12 August 2008

I've often asked God's will for my life, and it seems that every time I started to hear His still, small voice, I instead filled my mind with my own voice and achievements and dreams that I desire to realize in my lifetime. The longer I follow this path though, the more I understand that even these achievements lose their luster if they are accomplished apart from the will of God. It is not that they somehow contradict God's plan, only that He is disappointed that you choose these over Him. I still believe that there is a lot of truth in the point that many in this world will try to give us roads to follow, under the premise that they represent God's will in our lives, but these are given an initial foothold in my life because my prayer life is not strong.
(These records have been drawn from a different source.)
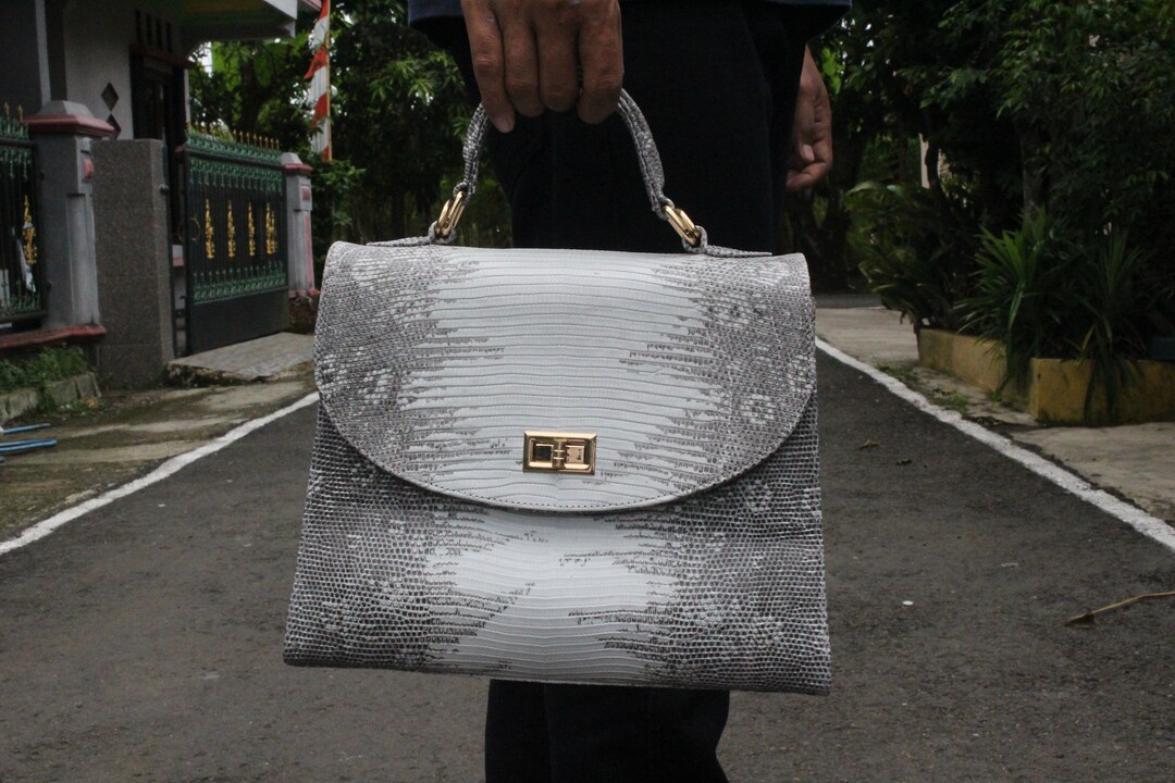 Gray Genuine Lizard Top Handle Bag, Real Lizard Skin, Genuine Lizard ...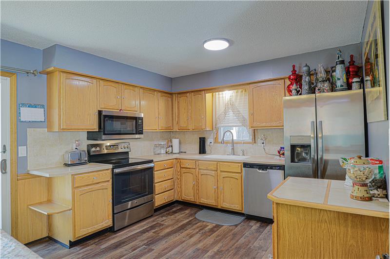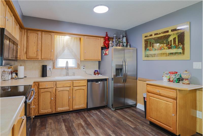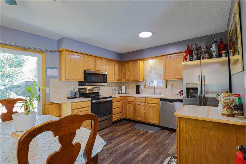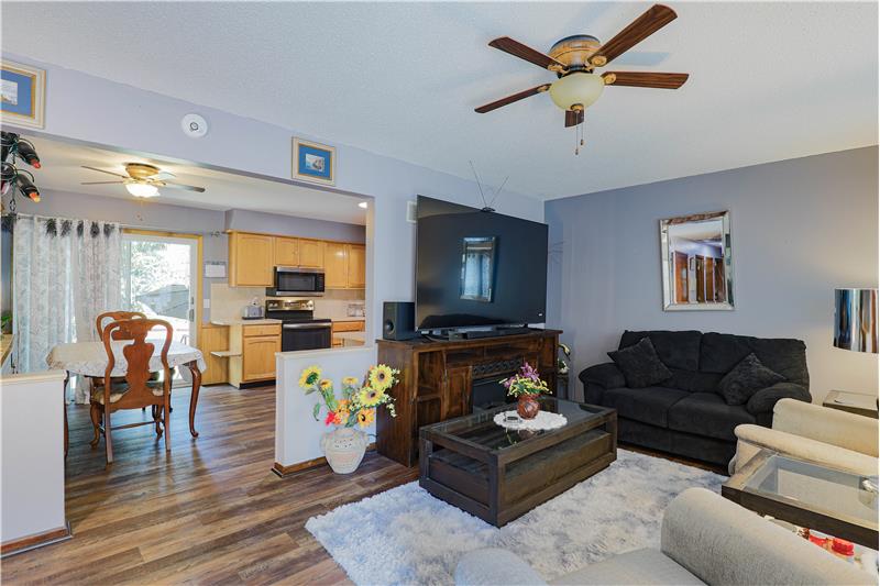 Beautiful Lee's Summit Mo home with many recent updates! New professionally installed luxury plank flooring in main living areas. New ceiling fans. New kitchen appliances including microwave, dishwasher, disposal, refrigerator. Interior painted in 2024. Basement family room walls sheet rocked. Home has one attached garage currently used for storage and a 2 car detached garage with plenty of room for the handy man looking for a man cave! The current seller moved the washer and dryer to the main floor! Living Room, Kitchen/dining, 3 bedrooms and 2 bathrooms up and family room with fireplace, non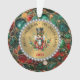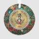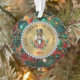 Colourful Christmas nutcracker ornament design with holiday greenery wreath on a gold background. Customisable text, glittery frame.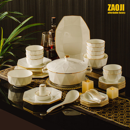 碗碟套装 家用i2023新款高端轻奢骨瓷餐具套碗组合陶瓷盘礼盒乔迁
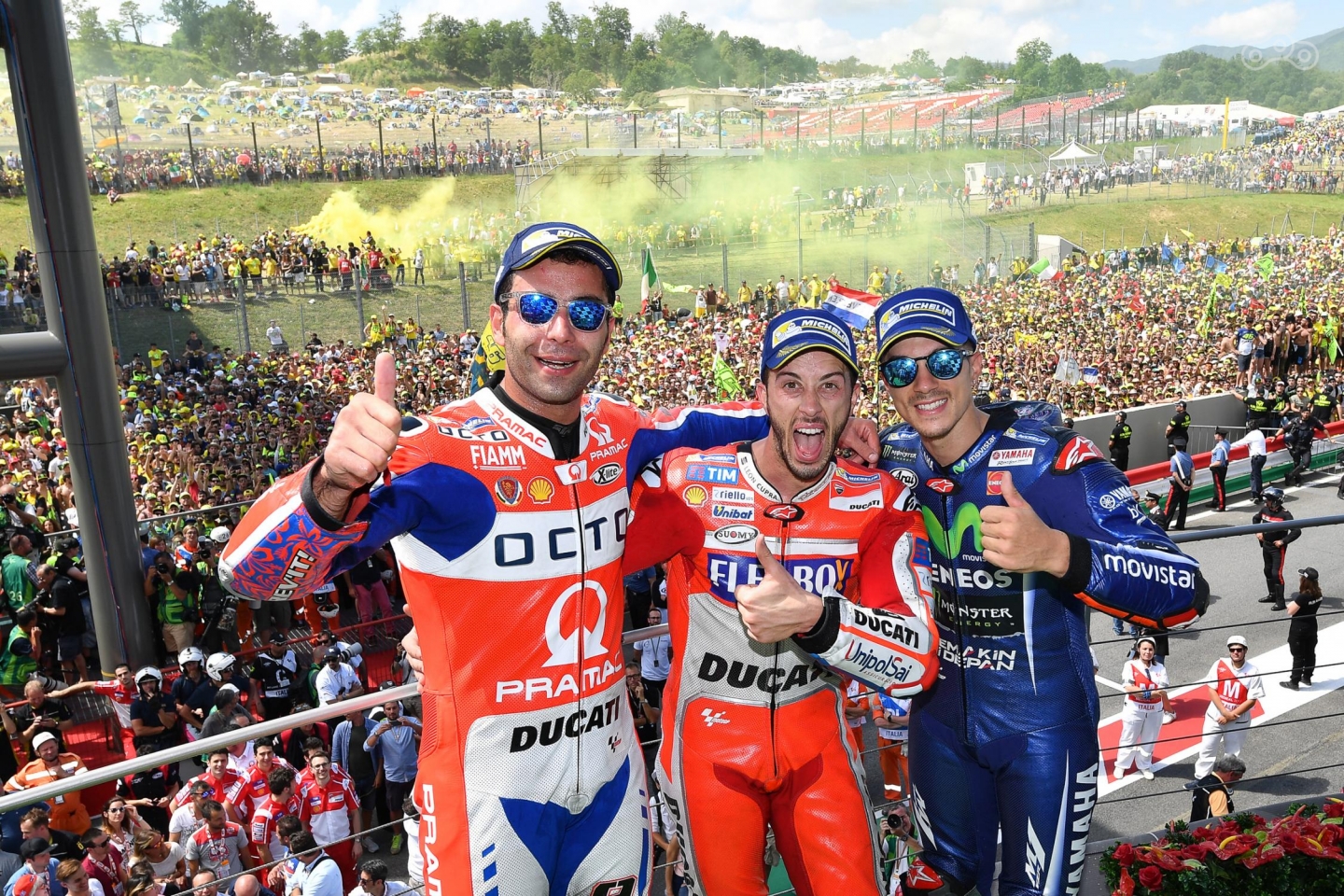 Андреа Довициозо, Данило Петруччи и Маверик Виньялес, занявшие подиум Гран-При Италии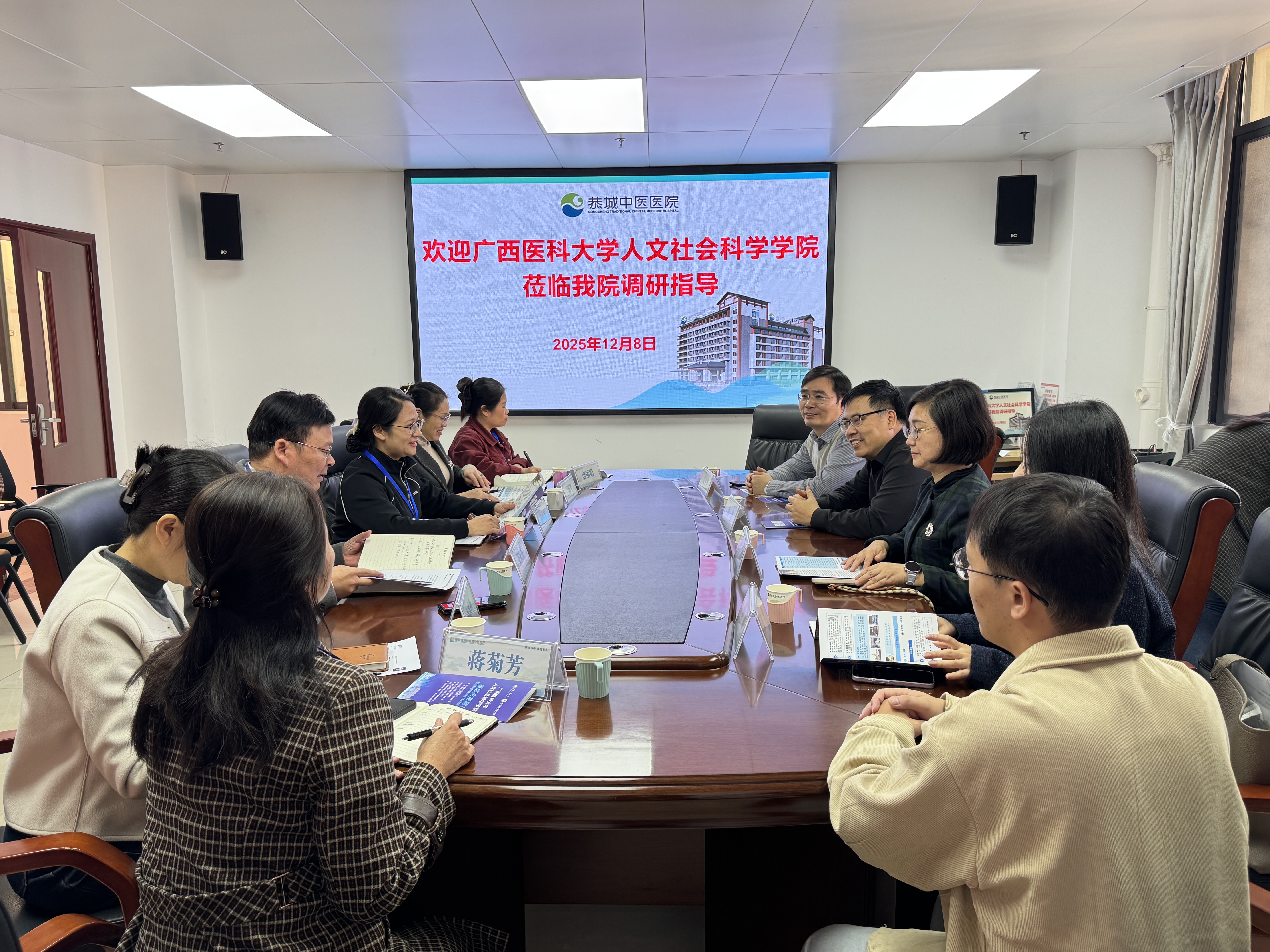 在恭城瑶族自治县中医医院,唐忠书记介绍了学院专业设置、人才培养等情况,并现场推荐毕业生,鼓励医院在职人员攻读beat365硕士研究生学历。双方均希望加强合作交流,结合医院需求为学生提供更多实习就业机会。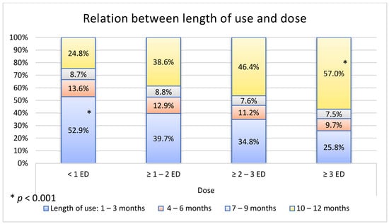The Kolmogorov-Smirnov test was used and a significant deviation from normal distribution of continual data was shown, which imposed a need for the implementation of nonparametric statistical tests. Descriptive statistics consisted of expressing the data as a mean with its standard deviation (SD) and a 95% confidence interval (CI). Patients who lacked data on a specific parameter were not included in the analysis. A chi-square test was used to analyse the connection between specific categorical variables. Continuous variables were analysed by the Mann-Whitney U-test or the Kruskal-Wallis test. Multiple regression analysis has been conducted to analyse the impact of different parameters on the main variables: the length of use and the dose. The statistical significance level was set at p < 0.05. Data were processed using IBM SPSS 18.0 software.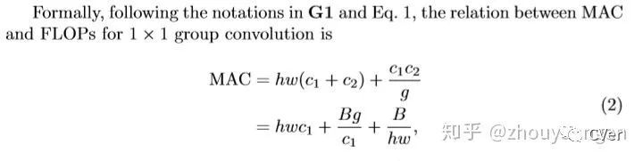 对于1x1的分组卷积(例如:MobileNetv2的深度可分离卷积采用了分组卷积),其MAC和FLOPS的关系为: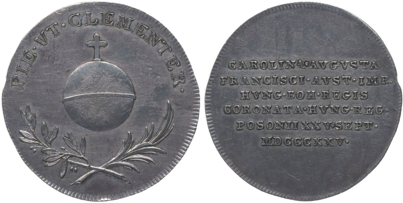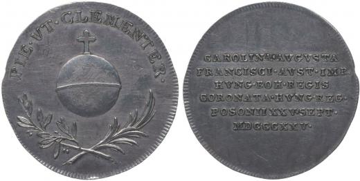 Větší peníz na korunovaci v Bratislavě, 25.9.1825 Říšské jablko, vavřínová a palmová snítka, opis / 6řádk.nápis Nesign., Ag 25 mm, 4.38 g, Nov.XVII/V-1b, Mo.2499, Ho.3472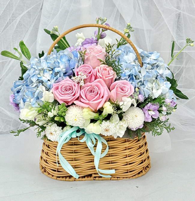 수국 장미 바구니
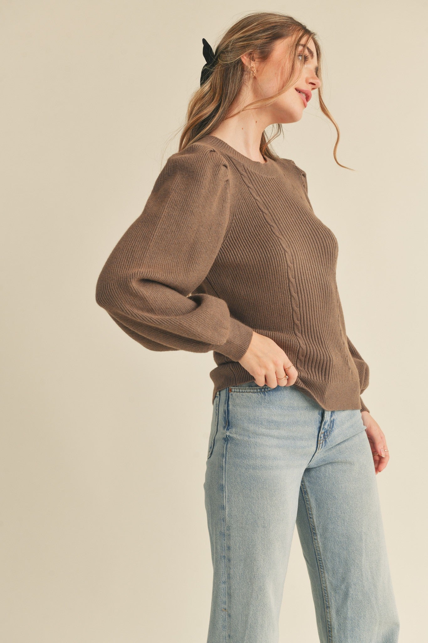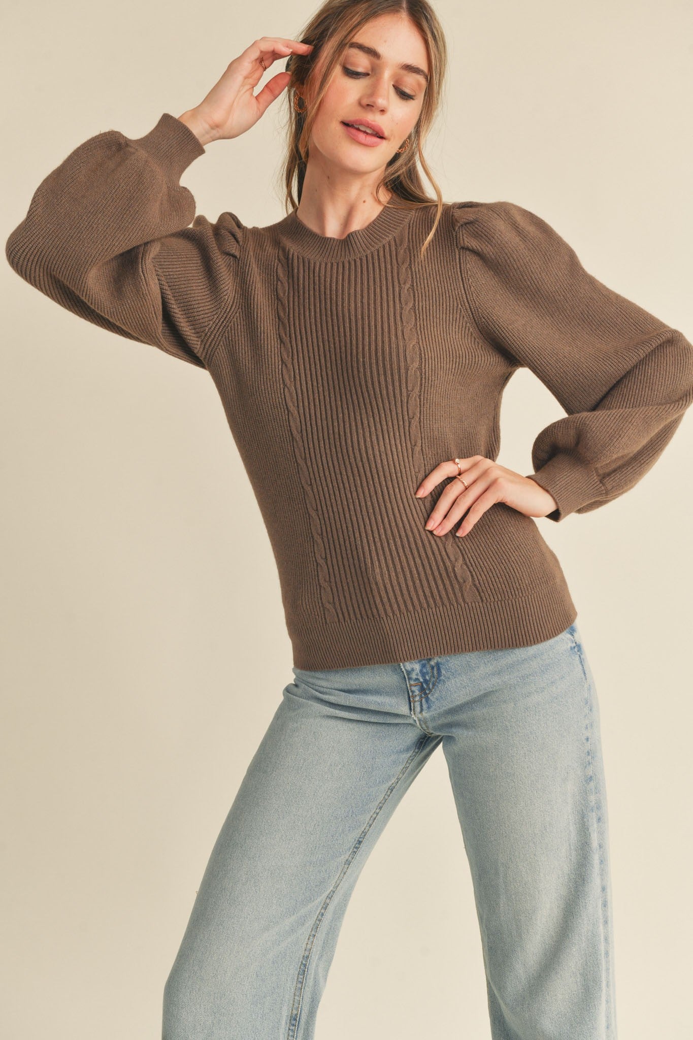 Look your best in this exquisite ribbed puff sleeve sweater. Featuring a ribbed round neckline and gathered puff shoulders, the long puff sleeves with ribbed cuffs and ribbed hem create a classic, yet cozy silhouette. The beautiful cable knit design completes this timeless piece. With a model height of 5' 9.5" and 33-24-36 measurements, this one-of-a-kind sweater is perfect for you!

I would not necessarily recognize what God has for me if it fell into my lap.

However I do feel that I could do some amazing things for the Church, or for the family institution, whichever God would have for me in this life. Now I am off to graduate school with a pit in my stomach and uncertainty plaguing my mind. Maybe this is normal, or maybe this is God subtly communicating that this is not where He would have me go. I believe that God does reach out and touch us in our lives. I have rediscovered a passion for Catholic apologetics as of late, in conversation with a beautiful young lady who does not share my Catholic faith, but instead follows a more evangelical tradition. In some ways I fear what is to come for us, as we will soon be many hundreds of miles apart, but at the same time I believe that we have a role to play in one another's lives, and though I do not yet know what that is, or how long it need last, I am willing to follow as far as it may go. This very relationship has helped me to let go of the reins, which I infrequently do, and allow for the will of God and time to take its course. She has taught me patience in a way no one else has ever been able to reach me. She shows me that God can create beauty in a way that is in accord with each one of our desires. She shows me that passion for life and uncertainty about it need not be mutually exclusive, and that it is okay and even good to nourish a plethora of relationships and friendships.

I think the tendency in seeking God's will, once we have decided to favor His over our own, is to think that His is the one directly opposite our own. But then are we not just choosing for ourselves again? It is funny business, and very difficult to discern the will of God for our lives; but it is also very worthwhile. And the longer I live the more apparent that truth becomes. God knows and loves us all very deeply, and wants only the best for our lives, in communion with what is good for His kingdom. Lord please open my heart to your will and give me the strength to follow it once I know its content.